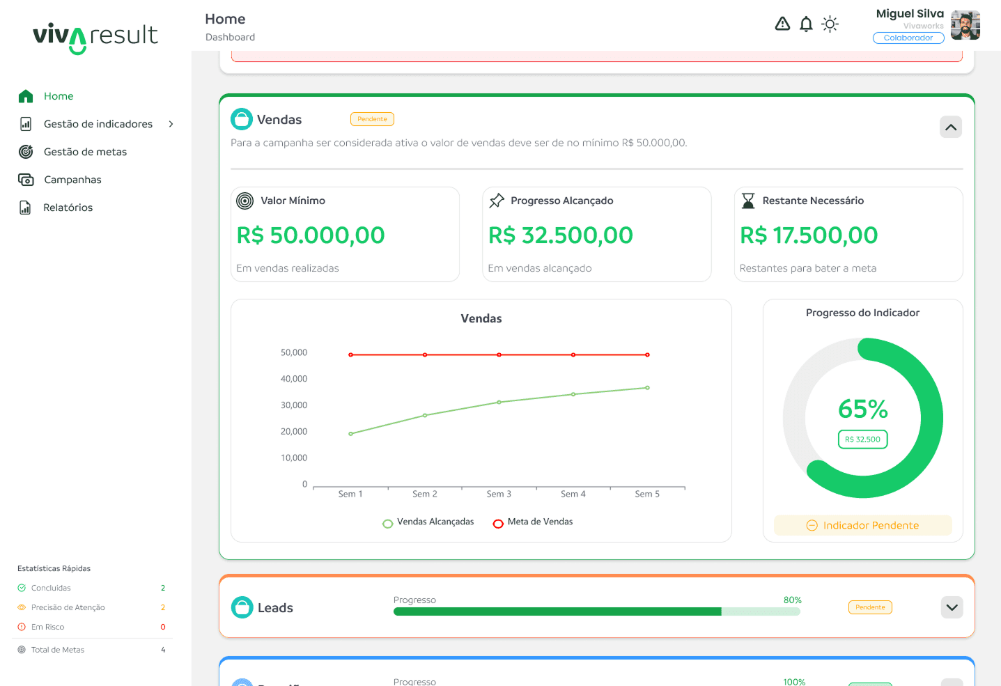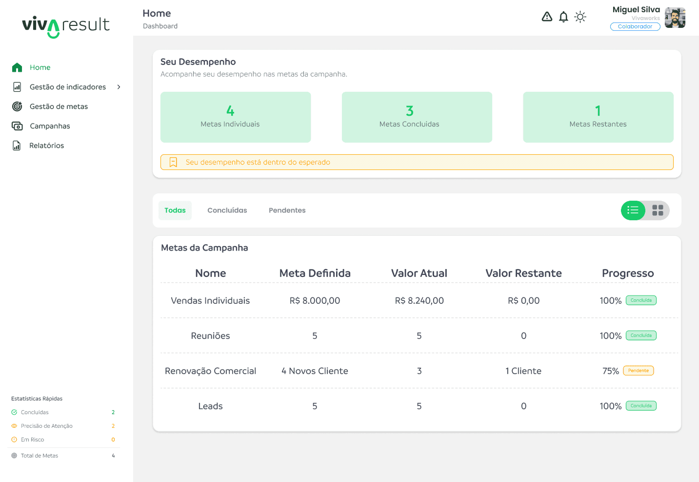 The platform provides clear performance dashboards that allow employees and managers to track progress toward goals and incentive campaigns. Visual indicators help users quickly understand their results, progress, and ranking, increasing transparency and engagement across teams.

---

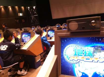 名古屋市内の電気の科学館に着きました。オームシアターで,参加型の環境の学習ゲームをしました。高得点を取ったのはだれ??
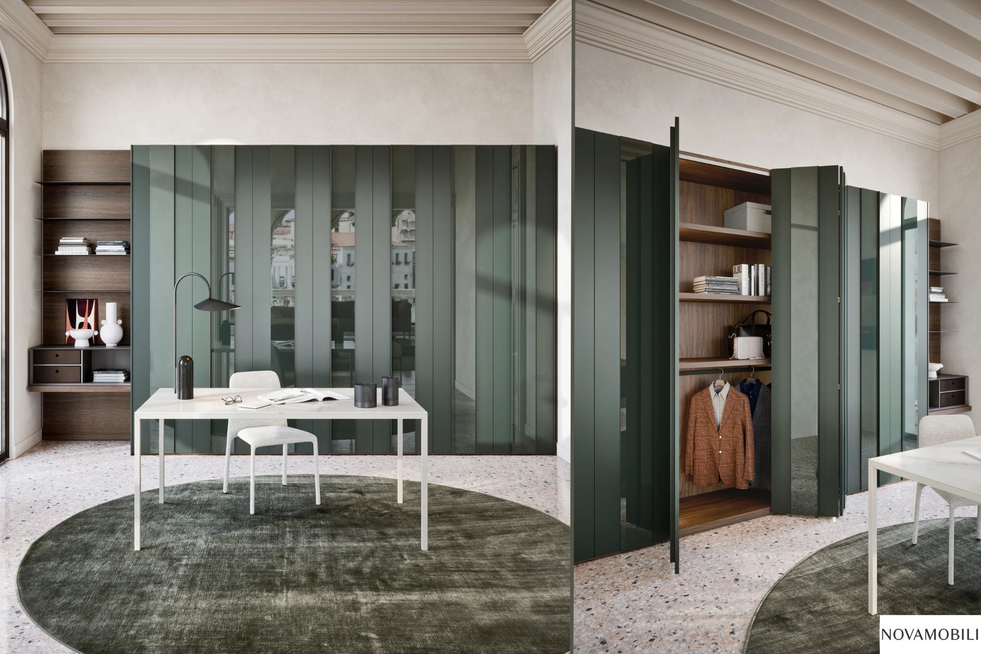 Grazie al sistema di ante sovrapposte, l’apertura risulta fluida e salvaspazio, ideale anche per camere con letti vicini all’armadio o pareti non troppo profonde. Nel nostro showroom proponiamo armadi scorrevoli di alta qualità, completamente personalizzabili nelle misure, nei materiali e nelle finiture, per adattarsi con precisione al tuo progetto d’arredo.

_What you will do_
Could you transcribe exactly the entries above, but only the lines from the one with "名古屋市内の電気の科学館に着" through the one with "Grazie al sistema", and without pictures?

_Answer space_
 名古屋市内の電気の科学館に着きました。オームシアターで,参加型の環境の学習ゲームをしました。高得点を取ったのはだれ??
 Grazie al sistema di ante sovrapposte, l’apertura risulta fluida e salvaspazio, ideale anche per camere con letti vicini all’armadio o pareti non troppo profonde. Nel nostro showroom proponiamo armadi scorrevoli di alta qualità, completamente personalizzabili nelle misure, nei materiali e nelle finiture, per adattarsi con precisione al tuo progetto d’arredo.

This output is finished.